売上高は前年同期比4%減の1131億円、営業利益は同62%減の18億円と落ち込んだ。不調の主な要因は、昨年11月に実施した自動販売機の値上げだ。自販機商品の販売数量は前年同期比マイナス8%超と想定以上の客離れが続いている。

ダイドーの国内飲料事業は、販売数量の8割以上が自販機の売り上げ(2024年1月期実績)だ。客離れによるインパクトは大きかった。
数量の落ち込みを受け、今年8月には缶コーヒー2品の自販機推奨価格を20円値下げし、120円に設定した。こうした機動的な価格コントロールは、間に小売店を挟まない自販機だからこそ実行しやすい。ダイドーならではの取り組みといえる。
尖った商品開発も重視する。今夏はフリスクのタブレットをイメージした世界初の炭酸飲料「フリスクスパークリング」、今秋はコメ入りの缶スープ飲料「鯛茶漬け風スープ」を発売。他社にはないユニークな商品を通じて数量回復を狙う構えだ。
海外はニッチ市場の開拓に勝ち筋
国内の回復に尽力するダイドーだが、中長期的にみれば、人口減少で国内市場の縮小は必至。成長のためには海外で稼ぐ力が求められる。

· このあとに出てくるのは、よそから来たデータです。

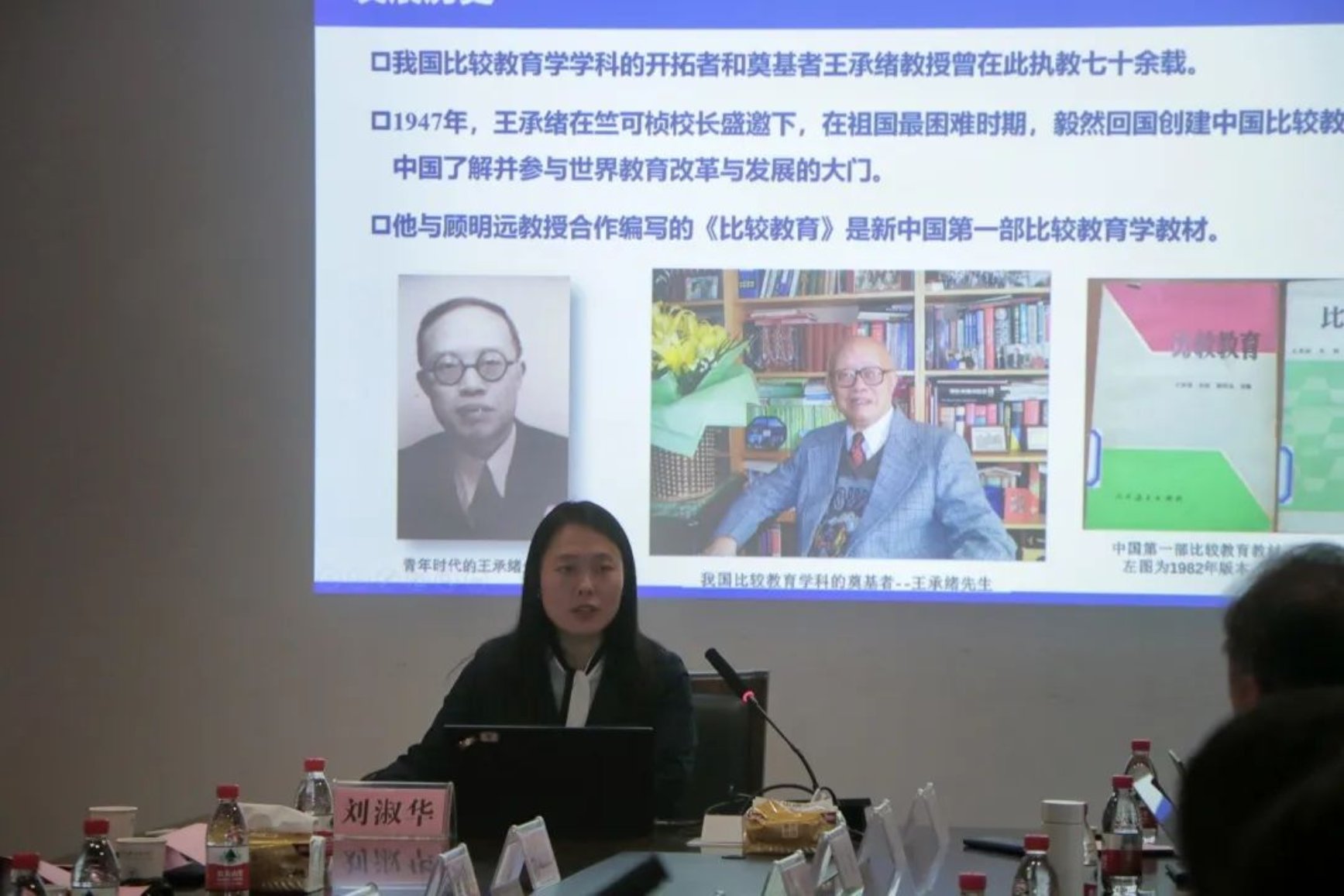 我院刘宝存教授与浙江大学教育学院刘淑华教授分别介绍两院比较教育学科发展概况。刘宝存教授回顾了我院60余年的发展历史,并介绍了我院每位老师的研究领域与研究方向。刘淑华教授从发展历史、团队成员、科学研究、国际交流、人才培养全面系统介绍了浙江大学教育学院比较教育学科发展概况。在展示教育学院发展现有成果的同时,指出教育学院在学科建设、师资培养方面仍有一定进步空间,希望未来与北京师范大学加强交流、互通有无、共同进步。

中東における特需が終わった後も、海外事業の規模を安定的に拡大させられるかがカギとなる。ただし、欧州や北米、東南アジア、オセアニアへはすでに日系大手メーカーが進出しており、入り込む余地は小さい。
そこでダイドーは、現地に工場や販路を持つニッチ市場の開拓を急ぐ。今年2月にはポーランドの飲料会社を買収。同国は飲料市場が拡大しており、業績は好調だ。リラ安が続くトルコなどから、ズロチ高のポーランドへ一部原料を輸出し、コスト抑制も実現している。
ライバルが少なく市場が拡大している地域を開拓し、コスト面のシナジーを生み出せるか。自販機中心のユニークなビジネスモデルで成長してきたダイドーだけに、海外も独自の戦略に将来的な勝ち筋がありそうだ。